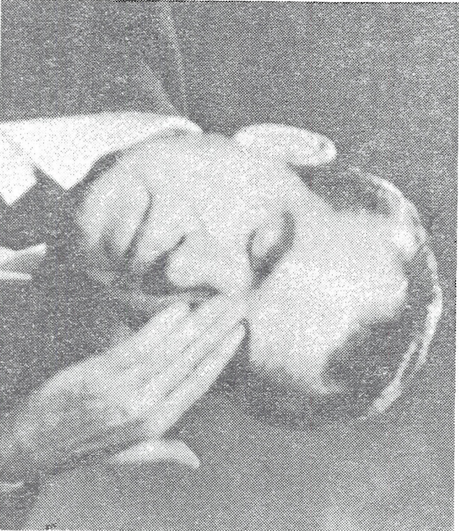
Richard Nixon gestured as he spoke to David Frost during the television interviews
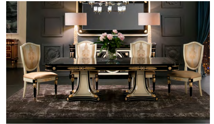
5. MALMAISON (page 94)
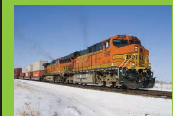
A BNSF Railway Company engine pulling an intermodal train north of Guthrie, Oklahoma. The BNSF is one of the largest railroads in the U.S., crossing more than half the counties in our state and serves as the host railroad to Amtrak's Heartland Flyer.

> [WORK TO BE COMPLETED] All of the data is to be transcribed exactly, with images omitted.

> [THE COMPLETED TASK]
Richard Nixon gestured as he spoke to David Frost during the television interviews
5. MALMAISON (page 94)
A BNSF Railway Company engine pulling an intermodal train north of Guthrie, Oklahoma. The BNSF is one of the largest railroads in the U.S., crossing more than half the counties in our state and serves as the host railroad to Amtrak's Heartland Flyer.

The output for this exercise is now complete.